In the specific case of titrating HCN with KOH, reaching the equivalence point means all the HCN has been converted to CN⁻. This conversion leads to changes in pH properties because the CN⁻ would then act as a base in water, affecting the solution's pH.
The equivalence point should not be confused with the endpoint, which is the point where the indicator used in the titration changes color.

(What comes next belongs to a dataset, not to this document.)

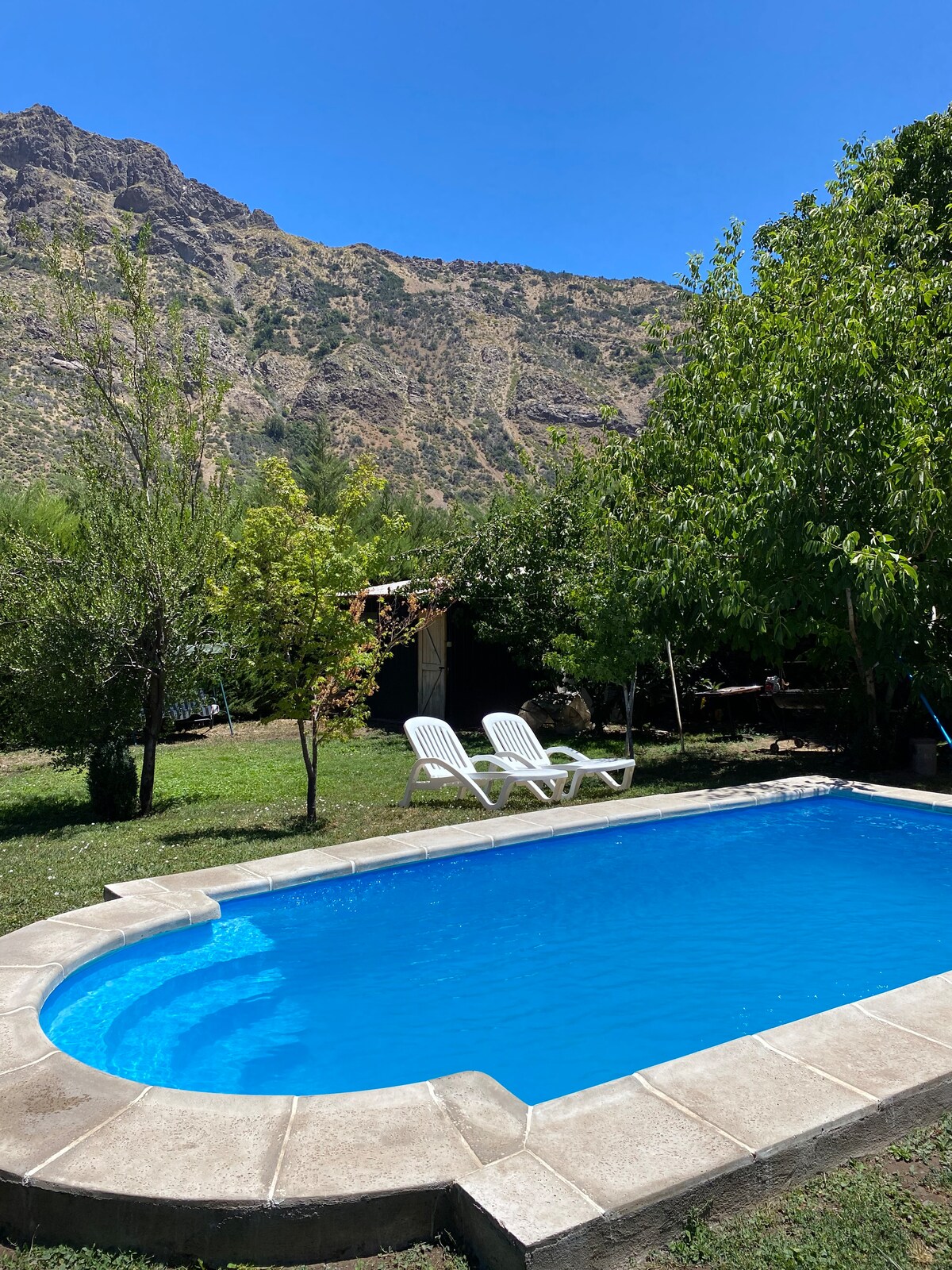Cabaña y piscina uso exclusivo, tranquilo poblado El Ingenio, a 18km Plaza San José de Maipo. Casa 65 m2, terreno 500 m2. Caben 6 personas, 2 dormitorios, 2 baños, 1 cama matrimonial, 1 cama nido y 1 camarote. Hay sabanas y toallas, cocina equipada, bosca leña, piscina de 3,5x5mt x 1.30 mt . Sitio cercado, se aceptan 2 MASCOTAS. PROHIBIDO MUSICA JARDIN. Mín. 2 noches. Llega bus, colectivo, auto, bicicleta, camino pavimentado. Hay Wifi, Almacenes. Vista cordillera.

Henderson-Hasselbalch Equation

The Henderson-Hasselbalch equation is a formula used to estimate the pH of a buffer solution. It relates the pH of the solution to the pKa (the negative logarithm of the acid dissociation constant) and the ratio of the concentrations of the conjugate base to the weak acid. The equation is:\[ pH = pKa + \log\left(\frac{[A^-]}{[HA]}\right) \]In this equation:

• \([A^-]\) is the concentration of the conjugate base
• \([HA]\) is the concentration of the weak acid

This equation is particularly useful in titration scenarios when a buffer solution is formed, allowing you to easily calculate the pH based on known concentrations without solving complex equilibrium expressions.

pH Calculation

Calculating pH is a critical component in understanding the chemical nature of a solution. The pH is a measure of the acidity or basicity of a solution, on a scale from 0 to 14. In a titration context, calculating the pH at various points helps to track the reaction's progress.
For example, before any KOH is added to the HCN solution, you'd use the acid dissociation constant \(K_a\) to find the concentration of hydrogen ions and compute the pH. During the titration, if a buffer solution is formed, the Henderson-Hasselbalch equation becomes handy. After the equivalence point, you focus on excess base calculations to find the pOH, and thus the pH.
Accurate pH calculations enable precise chemical analysis during titration processes, ensuring you can determine the endpoint and equivalence point of the reaction accurately.